If you are working through the recipe the actual values you obtain will probably be slightly different because you will have positioned the apertures differently. The meaning of each of the columns is described in SUN/45. Notice the following:

• measurements of both sky and object are given,
• magnitude values are relative to an artificial sky value of 30,
• object 3 is the star that has been measured at the top of the image. It can be seen that the inner aperture has crossed the edge of the frame. Therefore some proportion of the flux here will have been lost. This problem has been recognized by flagging the result with an ‘E’ in the code column, the ‘E’ standing for ‘edge’.

(8)
It is also possible to use an interactive aperture to sample the background. Here representative areas of sky are sampled independently of the measured object. The procedure is as follows.
(a)
Type a to toggle the Annulus choice. The message ‘Interactive aperture in use’ should be displayed.
(b)
Type m
(c)
Move the cursor to a blank patch of sky. Usually the patch chosen will be close to the object to be measured. Click on the middle mouse button. An aperture corresponding to the patch of sky measured will be shown. You can repeat this procedure for several patches of sky if you wish. Note that the sky must be measured before measuring any objects.
(d)
Move the cursor over the object to be measured and click on the left mouse button (or enter 1 from the keyboard).
(e)
You can make further measurements of the objects and the sky background as you wish.
(f)
To finish click on the right mouse button (or enter 0 from the keyboard).
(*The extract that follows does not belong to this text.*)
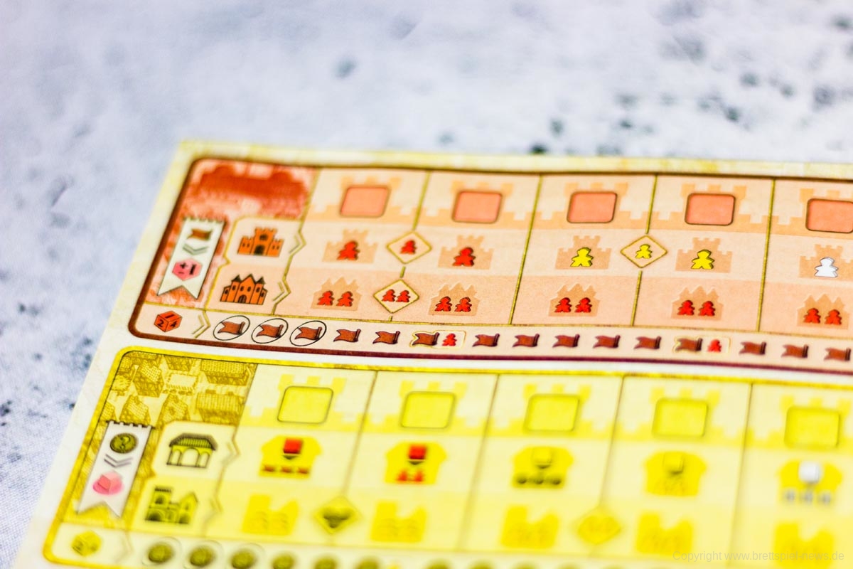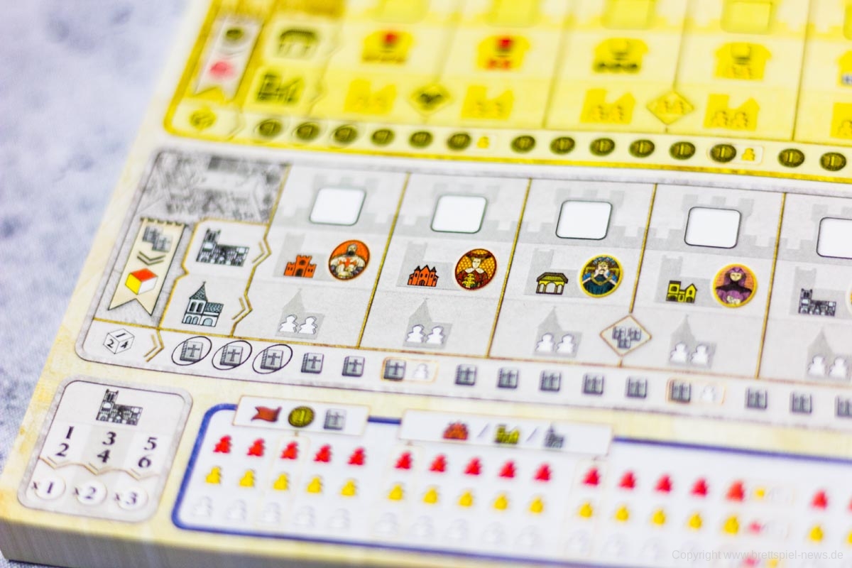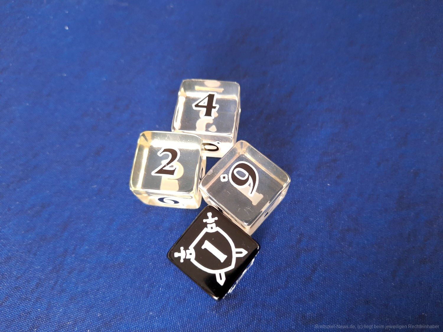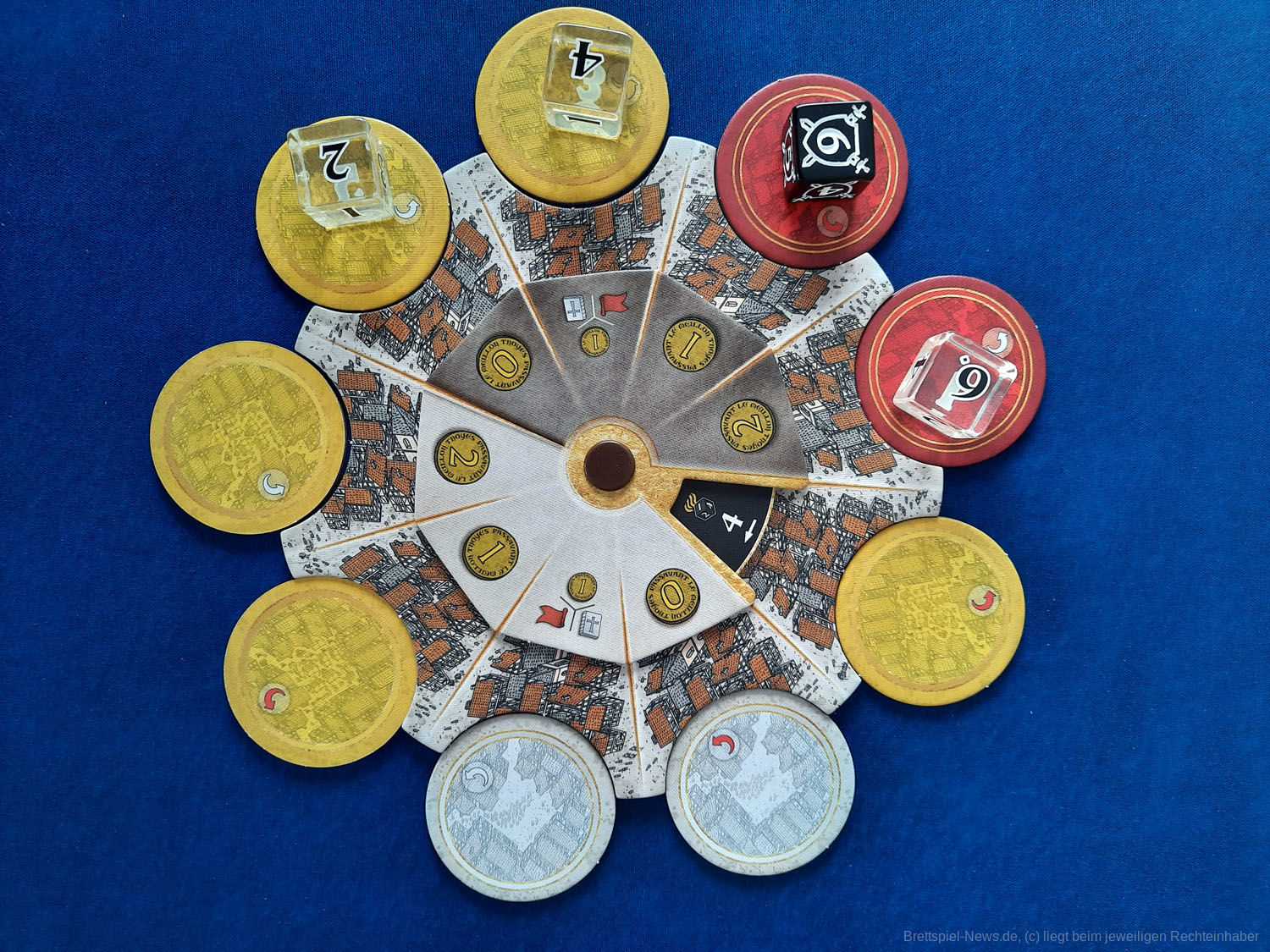 Im Gegensatz zu Würfelspielen, wie beispielsweise „Ganz schön Clever“, gibt es hier keine Interaktion mit den Mitspielern, wie durch das Wegnehmen von Würfeln. Generell bevorzuge ich Spiele mit viel Interaktion, die fehlende Interaktion passt hier allerdings wunderbar, so dass ich dies bei TROYES DICE als positiv empfinde. Alle Spieler haben die gleiche Ausgangslage und erst durch die eigenen Entscheidungen verändern sich die Wahlmöglichkeiten. Somit ist der Glücksfaktor relativ niedrig für ein Würfelspiel. Durch den zerstörenden schwarzen Würfel steigt der Glücksfaktor wieder. Vor der Zerstörung von nicht bebauten Stadtplättchen können sich die Spieler unter Umständen durch Festungen schützen. Generell gibt es einige strategische Entscheidungsmöglichkeiten und die Spieler können überlegen, wie stark sie ihr Glück herausfordern wollen.

The resulting display will look something like Figure 9.

(9)
You should measure all the stars which you are interested in in the current frame. Their instrumental magnitudes will be included in the output file written by PHOTOM. Alternatively, if you prefer, you can make a note of the instrumental magnitudes as they are displayed (though this approach is more prone to mistakes).

(10)
This recipe has shown the interactive use of PHOTOM. PHOTOM also contains an application called autophotom which allows PHOTOM to be used non-interactively (see SUN/45[22] for details).

11Strictly speaking you must use display software which accesses the Starlink graphics database (see SUN/48[21]). However, you will not normally be aware of the graphics database and certainly do not need to know anything about it. It is simply a mechanism which allows different applications to co-operate in using the same plot.
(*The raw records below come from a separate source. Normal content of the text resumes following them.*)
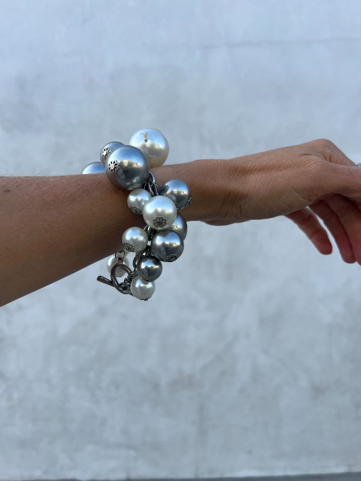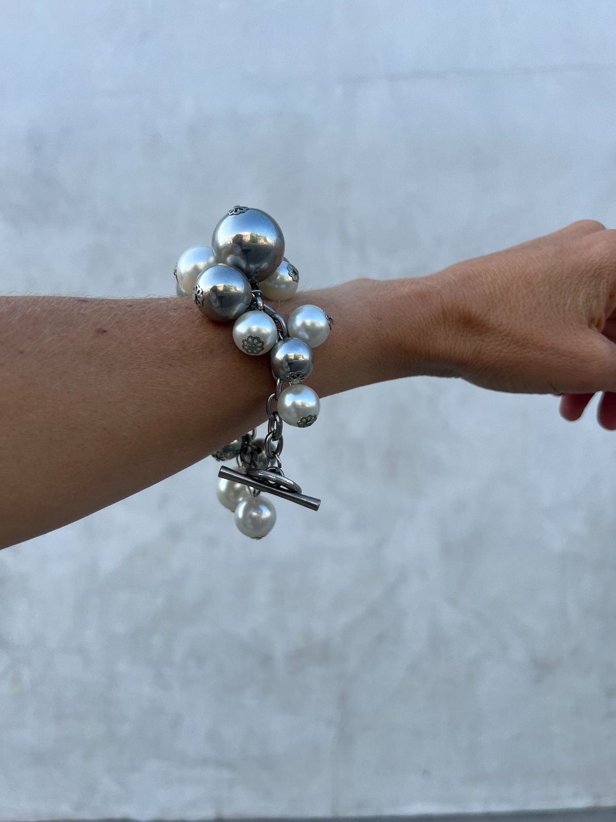 SILVER BAUBLE & PEARL CHAIN LINK BRACELET TOGGLE CLOSURE
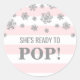 She's Ready to Pop Pink Stripes Silver Snowflakes Classic Round Sticker
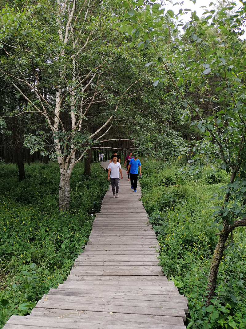 15:30 “承德人和礦業(yè)”總部的18位同仁乘坐3輛車來(lái)到黑熊谷”山門外,大家短暫休息之后,開始徒步登山……道路兩側(cè)的樹林郁郁蔥蔥,讓大家感受到一種神秘感,這里的香楊樹、水杉樹和松樹比較多,而且特別挺拔,太陽(yáng)透過(guò)樹枝灑進(jìn)來(lái),深深吸一口氣,空氣中散發(fā)著奇特的幽香,有時(shí)還夾雜著一些花草的清香;不知名的鳥雀“唧唧喳喳”說(shuō)著情話唱著歌;身邊泉水潺潺,演奏著自然和諧而動(dòng)聽的樂曲……美哉!
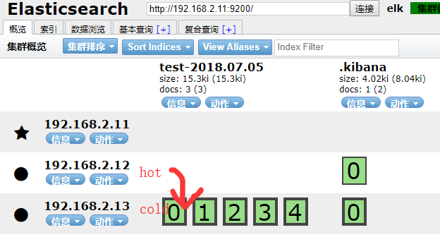 以test-2018.07.05索引为例,将它从hot节点迁移到cold节点

12An image displayed with the lutneg colour table mimics the appearance of a conventional astronomical photographic plate: stars appear as dark spots on a light background. Various other colour tables are available in KAPPA. For example, lutgrey sets up a positive grey-scale (light stars against a dark background) and lutheat sets up a pseudo-heat sequence.

13The intensity profiles of the images of extended objects usually fall off more slowly with increasing radius than those of stars and hence when working with extended objects it is necessary to be careful to choose an aperture sufficiently large to include the required fraction of the total light from the object.